*** DATA SECTION Section Begins ***

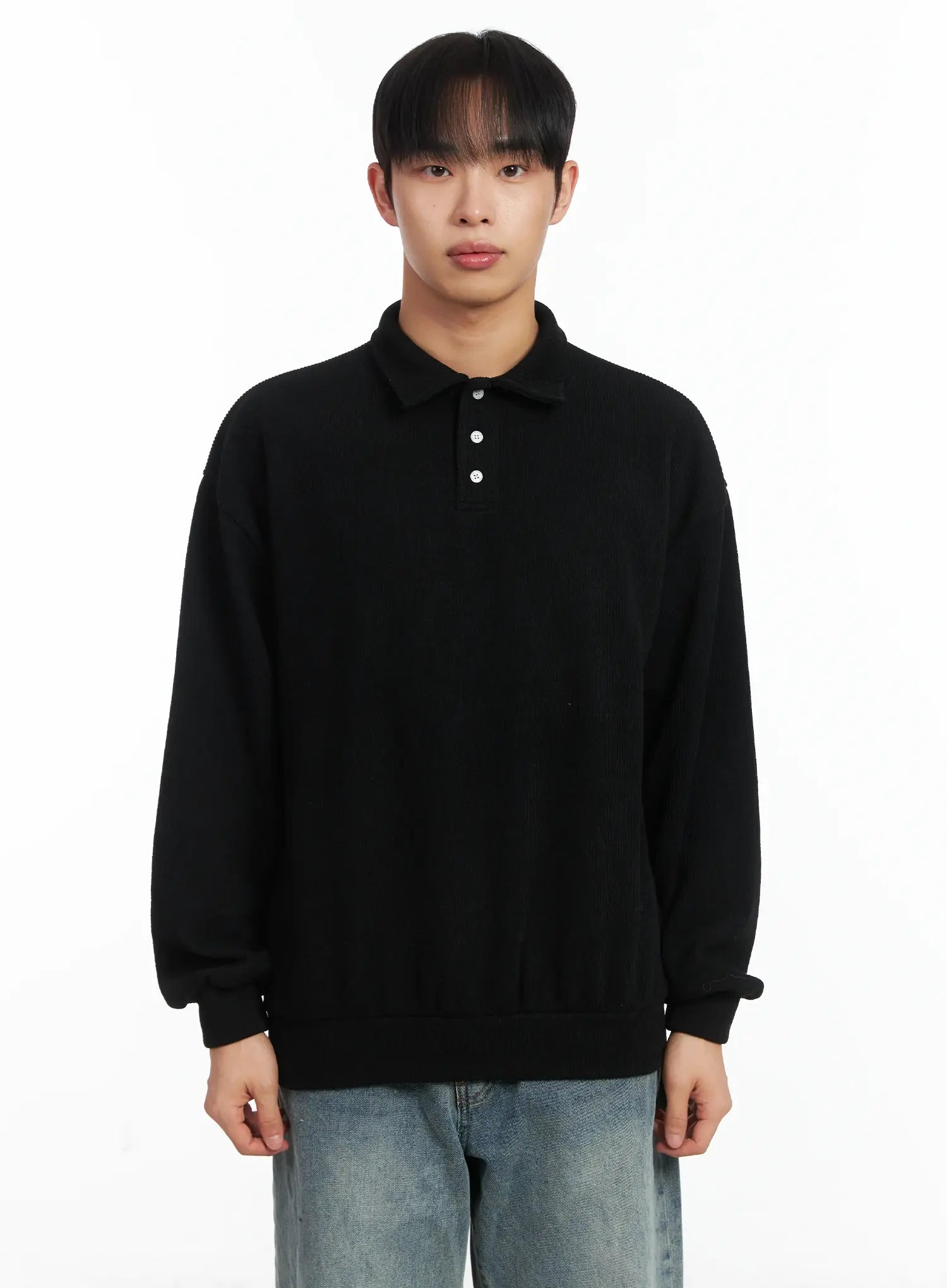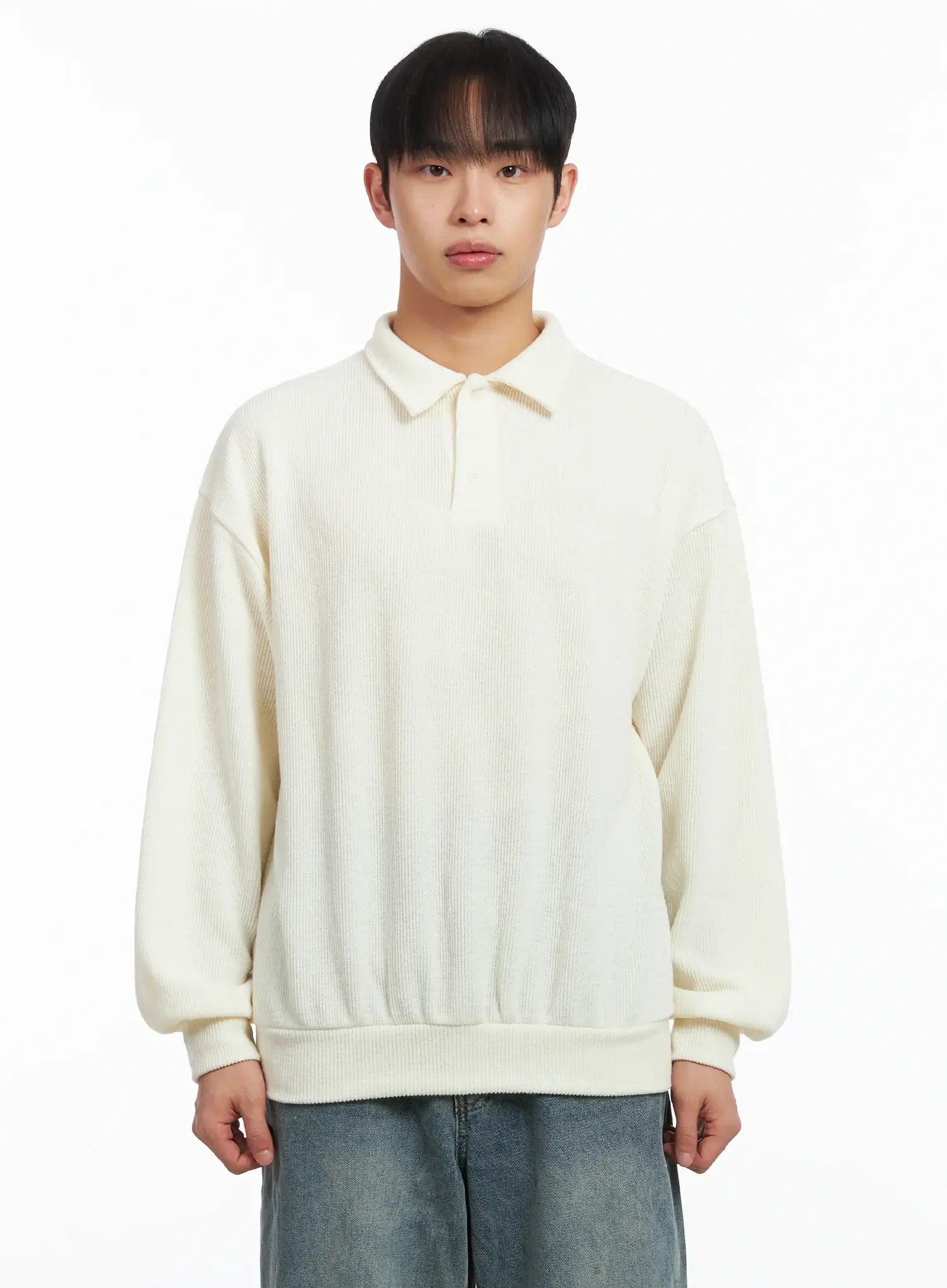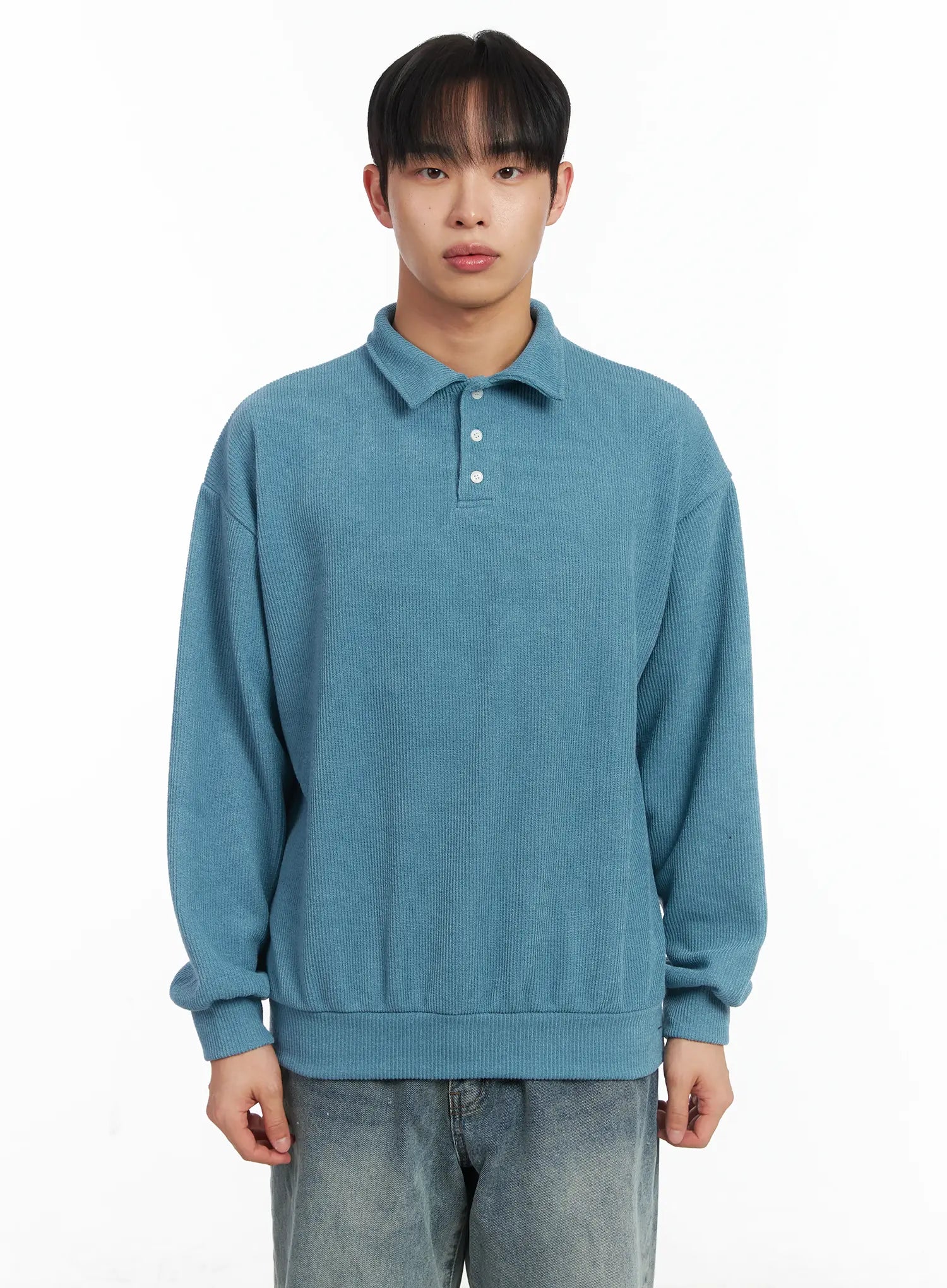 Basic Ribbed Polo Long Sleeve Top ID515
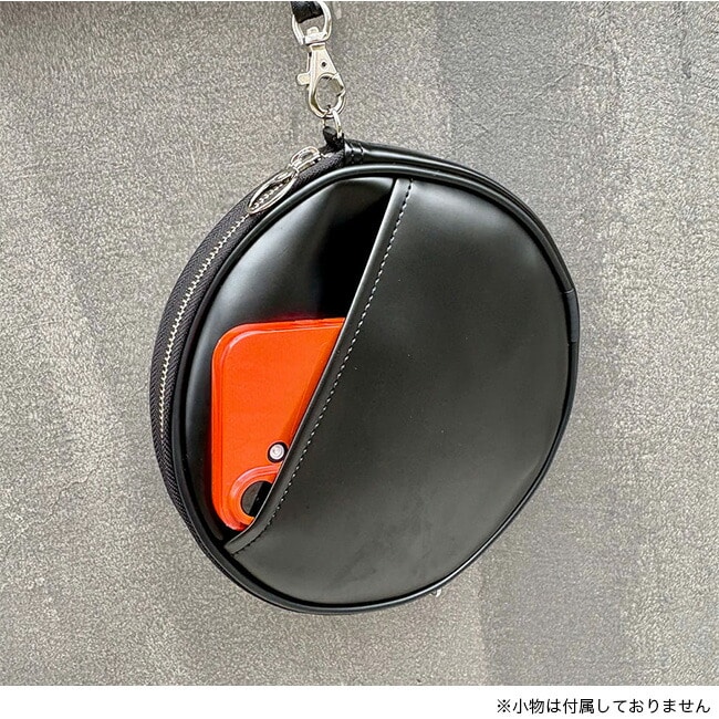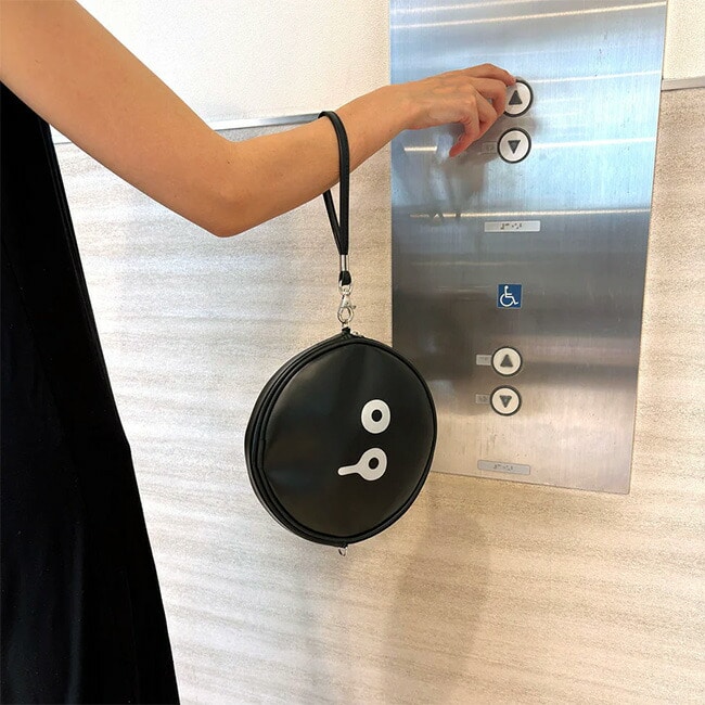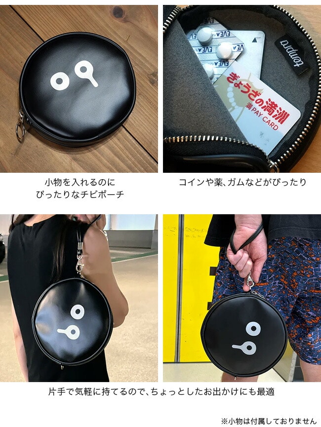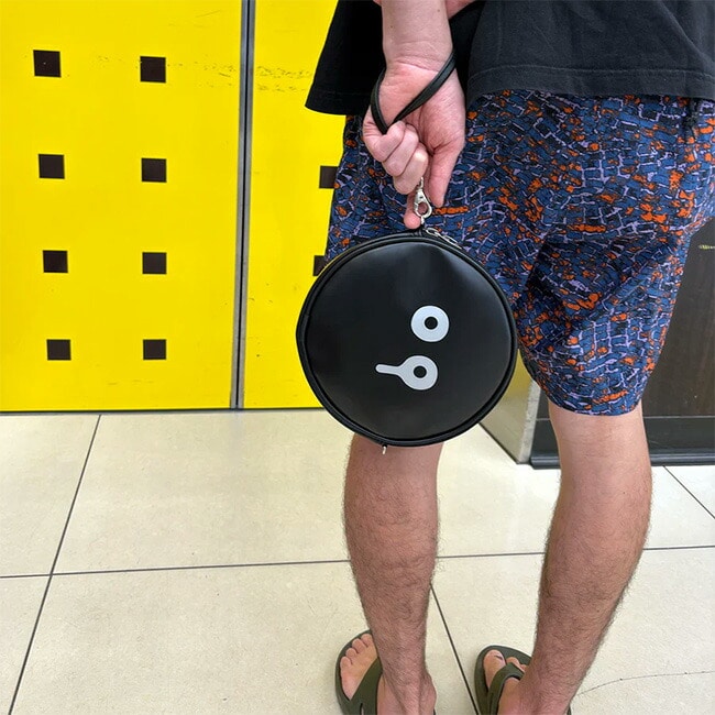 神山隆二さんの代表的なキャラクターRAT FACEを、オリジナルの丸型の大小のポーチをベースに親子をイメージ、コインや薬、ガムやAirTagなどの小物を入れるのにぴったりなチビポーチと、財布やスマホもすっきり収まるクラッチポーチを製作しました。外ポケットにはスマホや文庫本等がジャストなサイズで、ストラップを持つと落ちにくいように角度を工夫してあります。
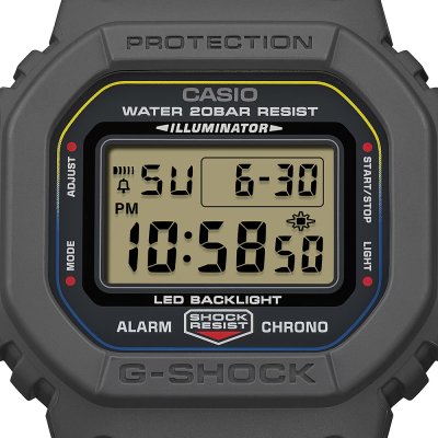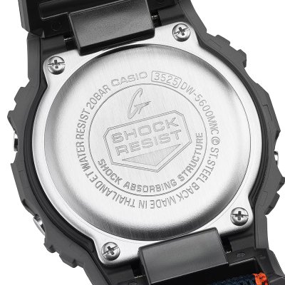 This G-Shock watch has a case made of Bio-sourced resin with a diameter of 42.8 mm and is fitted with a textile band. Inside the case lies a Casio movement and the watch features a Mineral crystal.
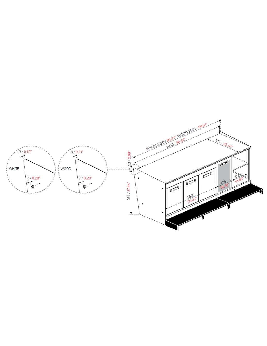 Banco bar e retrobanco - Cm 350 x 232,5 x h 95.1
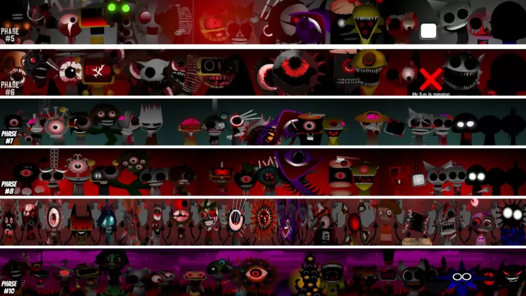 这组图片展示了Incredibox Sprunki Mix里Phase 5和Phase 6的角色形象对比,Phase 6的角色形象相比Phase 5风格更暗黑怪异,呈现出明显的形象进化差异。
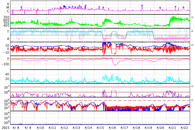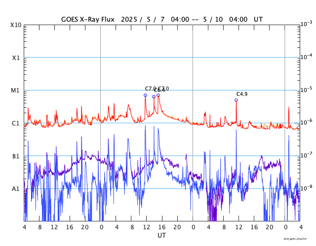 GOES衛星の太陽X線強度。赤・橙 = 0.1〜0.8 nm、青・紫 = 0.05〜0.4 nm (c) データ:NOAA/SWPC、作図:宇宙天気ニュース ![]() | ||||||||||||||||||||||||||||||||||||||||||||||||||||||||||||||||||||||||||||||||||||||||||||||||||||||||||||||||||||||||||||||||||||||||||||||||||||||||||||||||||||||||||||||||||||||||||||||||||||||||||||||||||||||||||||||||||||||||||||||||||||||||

*** DATA SECTION Section Ends ***

INSTRUCTIONS FOR THE TASK
Your answer must be an exact transcription of every entry, minus the pictures.

COMPLETED EXERCISE
 Basic Ribbed Polo Long Sleeve Top ID515
 神山隆二さんの代表的なキャラクターRAT FACEを、オリジナルの丸型の大小のポーチをベースに親子をイメージ、コインや薬、ガムやAirTagなどの小物を入れるのにぴったりなチビポーチと、財布やスマホもすっきり収まるクラッチポーチを製作しました。外ポケットにはスマホや文庫本等がジャストなサイズで、ストラップを持つと落ちにくいように角度を工夫してあります。
 This G-Shock watch has a case made of Bio-sourced resin with a diameter of 42.8 mm and is fitted with a textile band. Inside the case lies a Casio movement and the watch features a Mineral crystal.
 Banco bar e retrobanco - Cm 350 x 232,5 x h 95.1
 这组图片展示了Incredibox Sprunki Mix里Phase 5和Phase 6的角色形象对比,Phase 6的角色形象相比Phase 5风格更暗黑怪异,呈现出明显的形象进化差异。
 GOES衛星の太陽X線強度。赤・橙 = 0.1〜0.8 nm、青・紫 = 0.05〜0.4 nm (c) データ:NOAA/SWPC、作図:宇宙天気ニュース ![]() | ||||||||||||||||||||||||||||||||||||||||||||||||||||||||||||||||||||||||||||||||||||||||||||||||||||||||||||||||||||||||||||||||||||||||||||||||||||||||||||||||||||||||||||||||||||||||||||||||||||||||||||||||||||||||||||||||||||||||||||||||||||||||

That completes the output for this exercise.